Estas dos formas de vitamina deben sufrir reacciones químicas para activarse: estas reacciones tienen lugar respectivamente en el hígado y luego en el riñón.

Así llegamos a la forma activa de la vitamina, que se llama 1,25-dihidrocolecalciferol (calcitriol).

Por esta razón, las deficiencias de D también pueden ser secundarias. Esto significa que no están necesariamente relacionados con una ingesta deficiente de alimentos o una exposición solar insuficiente.

Más bien, se derivan del daño hepático y renal que no les permite activarse por completo.

cuánta vitamina D tomar según la edad

Requerimiento de vitamina D

Los LARN (Niveles de ingesta de referencia de nutrientes y energía) identifican un PRI (Ingesta recomendada para la población) para adultos (tanto hombres como mujeres) de 15 μg / día con un valor que aumenta a 20 μg / día a partir de los 75 años. 

Es necesario aumentar la ingesta en la edad geriátrica para frenar la pérdida ósea (osteopenia / osteoporosis).

Sin embargo, la ingesta de calcio de la dieta también debe aumentarse al mismo tiempo . Esto da como resultado un riesgo reducido de fracturas después de caídas u otros eventos traumáticos.

Por otro lado, no se recomiendan aumentos en la ingesta diaria durante el embarazo y la lactancia. De hecho, las ingestas más altas no parecen aumentar el contenido de calcio en la leche materna ni tampoco la densidad ósea en el bebé.

Niveles de ingesta según edad

  • Desde el nacimiento hasta el primer año de vida: 10 mg
  • Primer año de vida hasta los 18 años: 15 mg
  • Adultos: 25-37,5 mg
  • Ancianos: 57,5 ​​mg.

Indicaciones de contratación

En condiciones de normalidad y bienestar, la necesidad de D está garantizada por la piel que, al sintetizar la hormona, asegura que el intestino pueda absorber la cantidad adecuada de calcio .

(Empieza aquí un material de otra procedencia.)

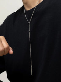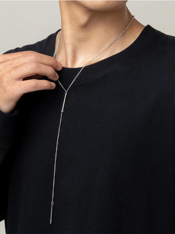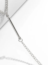 Tassel Chain with Rectangle Pendant Necklace in Silver Color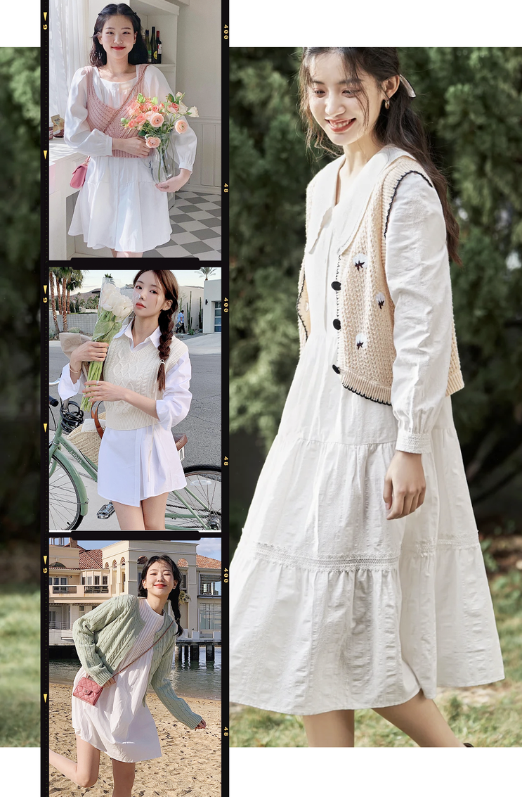 春天的背心裙很适合叠穿,按头安利针织款的,和衬衫、T恤叠加在一起都很好看~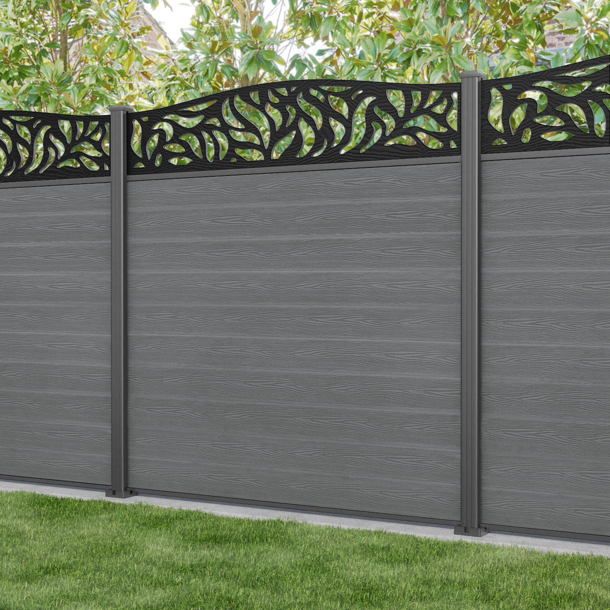 Classic Plume Curved Top Fence Panel Mid Grey - with our aluminium posts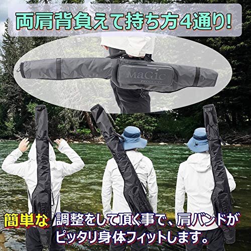 両肩で背負う事ができますので、渓流用の釣竿、イカ釣り用のエギングロッド、投げ釣り用のショアジギングロッドなど、種類多くのロッドを入れて楽に持ち運びできます。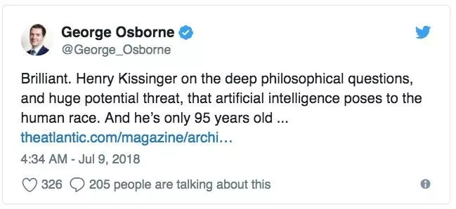 苏格兰国家党主席Nicola Sturgeon在Twitter上推荐基辛格的文章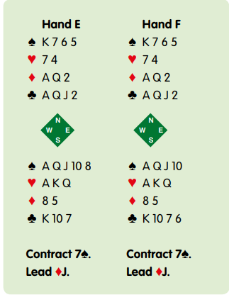 In Hands E and F, you have bid to the giddy heights of a grand slam. You have to make a decision at trick 1: whether or not to take the diamond finesse.
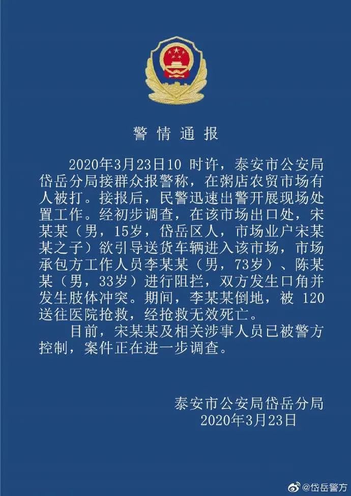 2020年3月23日,山东泰安,一农贸市场内发生一起强闯疫情防控卡点并殴打工作人员事件。据悉,被殴打的疫情防控卡点工作人员已死亡。@岱岳警方 发布警情通报称,相关人员已被控制。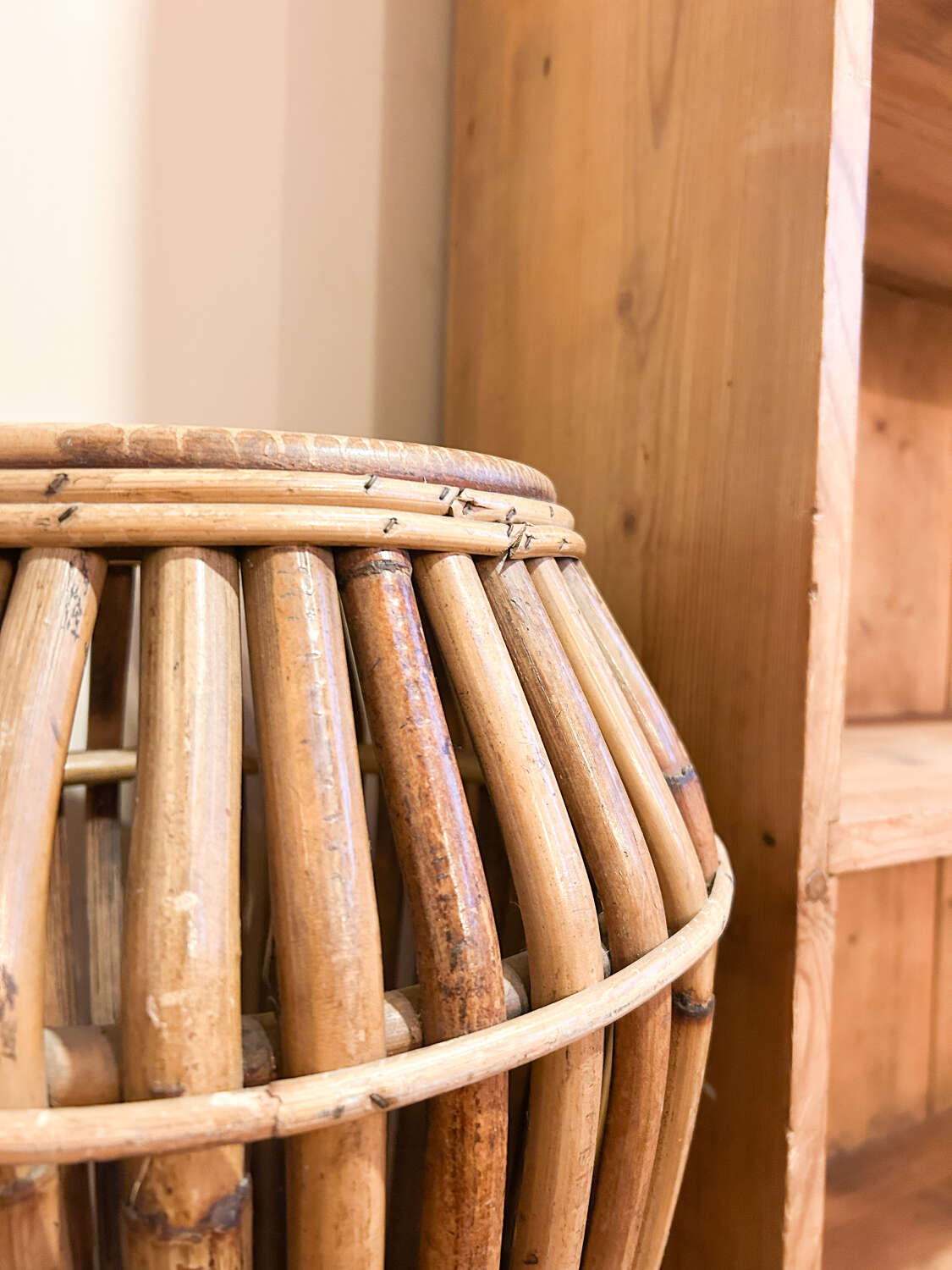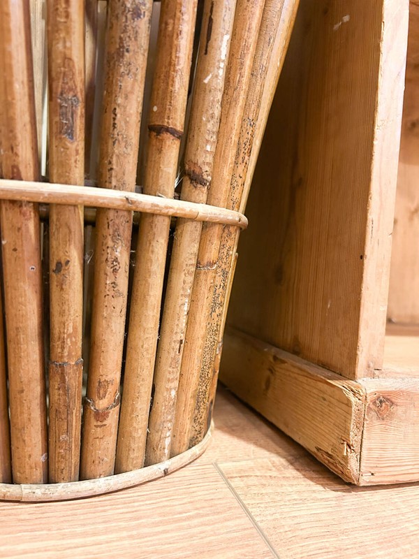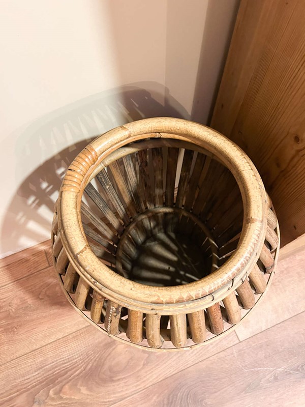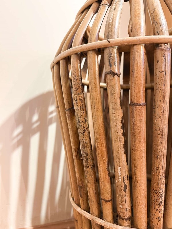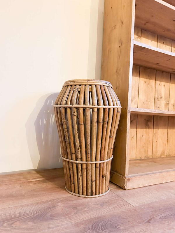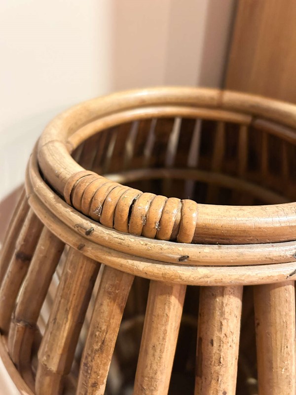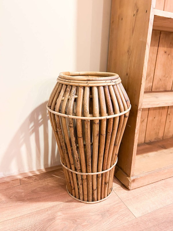 A striking mid-century Italian bamboo umbrella stand, beautifully crafted with a sculptural, tapered form. These original Italian pieces are increasingly hard to find, and this example has a wonderful warm patina that comes only with age.Lightweight yet sturdy, it’s both a practical hallway piece and an effortless design statement. As with all hand-worked bamboo, you’ll spot a few natural variations and gentle ageing in the cane, which only enhance its charm and authenticity.A brilliant addition to any mid-century, boho, or eclectic interior.Measurements: 54cm Tall x cm 34Wide x 34cm Deep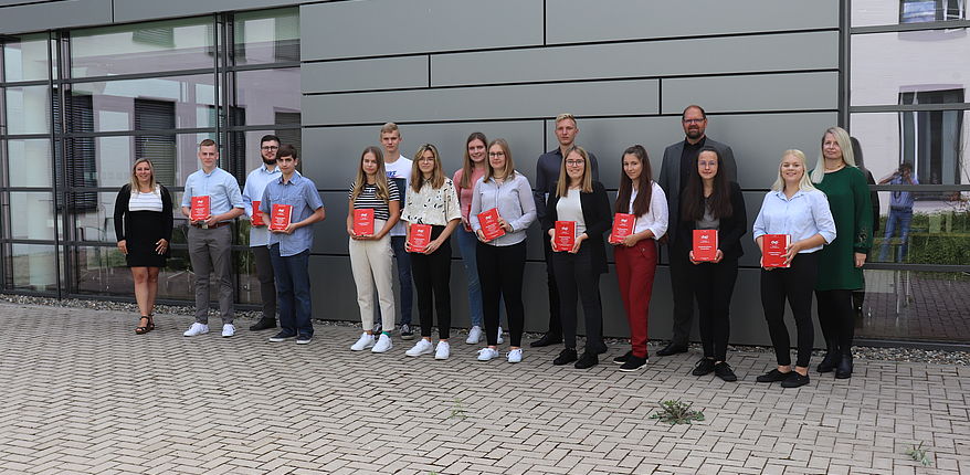 V. l. n r.: Ausbildungsleiterin Manuela Brasch, Leon Hempel / Kroppenstedt, Marcel Domenz / Gardelegen, Jacob Diebel / Hörsingen, Lilly Lilly / Pechau, Lukas Scharenberg / Flechtingen, Lucy Begenau / Rogätz, Lisa Eckelt / Oschersleben, Linda Peters / Klüden, Dustin Mai / Magdeburg, Marisa Mahler / Rogätz, Pia Habedank / Barleben, Landrat Martin Stichnoth, Manja Lübke / Haldensleben, Vanessa Hanke / Groß Santersleben, Personalamtsleiterin Julia Herzberg- Ebeling (Foto Uwe Baumgart)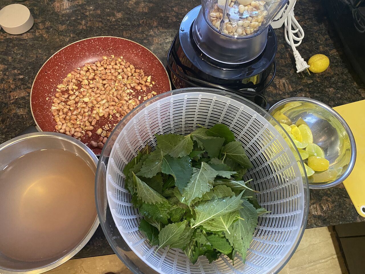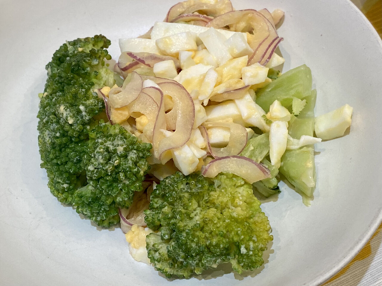お手伝いさんが、私の古いハンカチにアイロンを当ててのせ、緑を置いてくれました。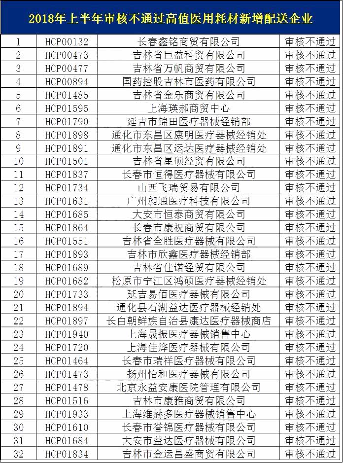 另外32家耗材配送商審核不通過,其中包括國藥控股子公司。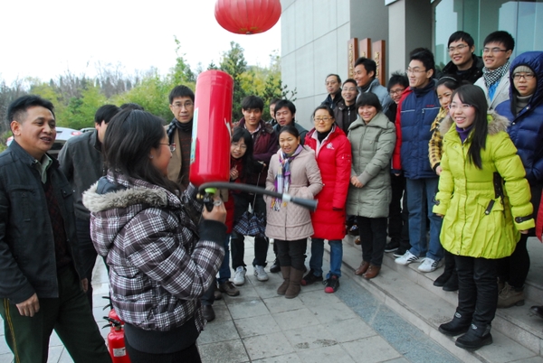 本次消防演習特別邀請國家安全監督管理總局培訓中心馬楚杰教員針對實驗室講解了火災中如何逃生、如何使用消防器材等消防安全知識。講座之后,馬教員、校保衛處鄭禮明、陳向武老師在智能實驗樓前向師生詳細地講解了干粉滅火器的原理及使用方法,師生們也親身體驗了如何使用干粉滅火器撲滅火源。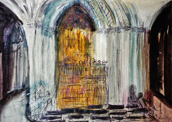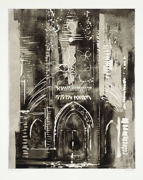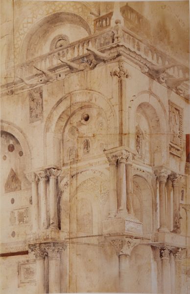 Editor: This drawing, “Saint Stanislaus” by Leon Wyczółkowski, dating from 1911-1912, uses pencil to capture this monumental architecture. I find the composition, with its stark contrast between the dark, heavy stone and the golden, ethereal archway, so striking. What aspects of this piece do you find most compelling? Curator: Well, let's consider the means of production. The stark contrast you mentioned isn’t just visual, it's material. Graphite pencil, a relatively accessible material even then, is used to depict this monumental, likely expensive structure. It begs the question: who was this image intended for? Was it a study, a print for wider circulation? The very act of rendering opulent architecture in humble graphite brings up social and economic tensions. Editor: That’s an interesting point. So the choice of a "lowly" material challenges the traditional view of the church as inherently elevated or separate from the everyday lives of ordinary people? Curator: Exactly. Wyczółkowski’s choice to portray this grand edifice in a simple drawing implicates the artist and, potentially, the viewer in a dialogue about power and access. Think about the labor involved in quarrying the stone, carving the ornamentation – versus the relative ease of producing this image. Is it critical or celebratory? Perhaps both. What do you notice about the differing applications of pencil to create contrasting textures? Editor: I see that the stone textures are quite rough, with visible strokes, but the gold appears much smoother, almost blurred...it's quite captivating, but also strange that it appears that the stone portion took greater time, effort, and care. Curator: And what does that contrast in finish suggest about the relative value Wyczółkowski ascribed to these differing materials and structures? Remember, this was a time of immense social change, and Neo-Impressionism sought to capture not just optical sensations, but also deeper, perhaps political, realities. Editor: I hadn't considered the materials themselves as carriers of meaning, not just as tools for representation. I am taking new meaning away from this listening. Curator: Indeed. By examining the process and material choices, we unlock a richer understanding of the work’s place in its social and historical context.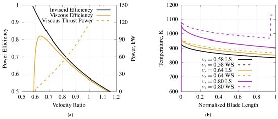 Figure 6a shows a comparison of the inviscid power efficiency with the viscous power efficiency of the standard configuration. The thrust power of the viscous blade is also shown. As is evident, the inviscid power efficiency approaches 1 where . At this point, , i.e., is parallel to the blade. Here, the blade cannot produce any thrust as there is no pressure difference across it; thus, the net force is zero. The viscous efficiency and thrust power at this point are actually negative because the viscous forces oppose the forward motion of the vehicle and the rotation of the propeller, i.e., the motor has to deliver power to maintain its speed, but the vehicle is accelerated backwards. Viscous effects become less significant at higher because the magnitude of the inviscid forces increases relative to the magnitude of the viscous forces. From an operational point of view this has important implications since a small change in conditions can result in a very large difference in power efficiency, and, in fact, a complete loss of thrust, at lower . The same change in conditions at higher , however, is of little consequence. However, operational safety has to be balanced with efficiency and, as Figure 6b shows, increasing blade temperatures.

Pero para que este proceso esté asegurado, se deben respetar ciertas reglas:

  • ingesta adecuada de calcio
  • correcta exposición al sol
  • capacidad correcta de nuestro cuerpo para sintetizar la hormona
  • metabolismo saludable .

Dado que es extremadamente fácil que uno de estos factores falle, es normal que la deficiencia de vitamina D sea ​​común entre la población joven y anciana .

Y entre todos los enumerados, el elemento que resulta más fácilmente insuficiente es el aparentemente más banal: la exposición al sol.

Vitamina D: nutrición y suplemento.

vitamina D: beneficios para la salud

Propiedades beneficiosas de la vitamina D

Por tanto, se clasifica como una hormona del calcio debido a su función fisiológica de permitir la absorción intestinal de calcio y fosfato. Es fundamental para el desempeño de algunas funciones biológicas vitales. Veamos cuales:

Huesos fuertes y sanos

D es fundamental para mantener saludable el sistema esquelético al ayudar a prevenir la osteoporosis y las fracturas. Esto sucede porque la vitamina D estimula la absorción de calcio y fósforo además de favorecer su depósito.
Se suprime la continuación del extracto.